= GIVEN RECORDS =
|---|

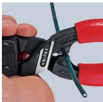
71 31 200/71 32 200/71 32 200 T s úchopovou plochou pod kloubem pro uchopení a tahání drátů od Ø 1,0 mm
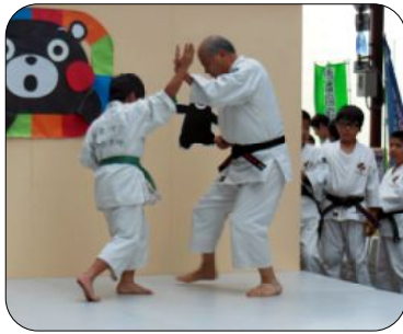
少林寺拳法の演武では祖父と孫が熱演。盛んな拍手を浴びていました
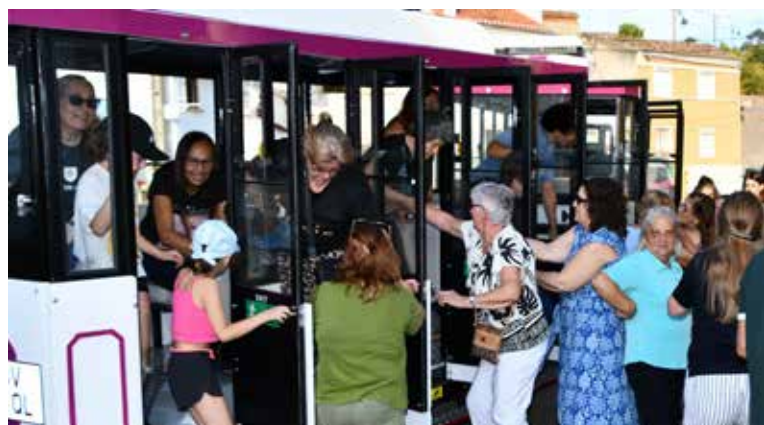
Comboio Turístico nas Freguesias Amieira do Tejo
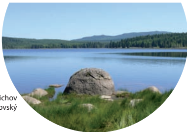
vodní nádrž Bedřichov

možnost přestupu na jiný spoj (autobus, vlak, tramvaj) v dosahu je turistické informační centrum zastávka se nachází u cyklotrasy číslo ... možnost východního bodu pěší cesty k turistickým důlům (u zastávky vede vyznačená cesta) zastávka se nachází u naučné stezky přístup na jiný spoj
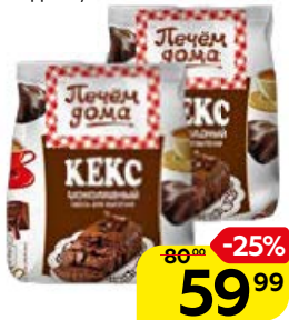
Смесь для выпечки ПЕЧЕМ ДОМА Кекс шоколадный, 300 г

|---|

= WHAT THE TASK ASKS =
I would like the lines from the one with "možnost přestupu na" through the last line of the data above retyped exactly, with pictures left out, please.

= EXERCISE SOLUTION =
možnost přestupu na jiný spoj (autobus, vlak, tramvaj) v dosahu je turistické informační centrum zastávka se nachází u cyklotrasy číslo ... možnost východního bodu pěší cesty k turistickým důlům (u zastávky vede vyznačená cesta) zastávka se nachází u naučné stezky přístup na jiný spoj
Смесь для выпечки ПЕЧЕМ ДОМА Кекс шоколадный, 300 г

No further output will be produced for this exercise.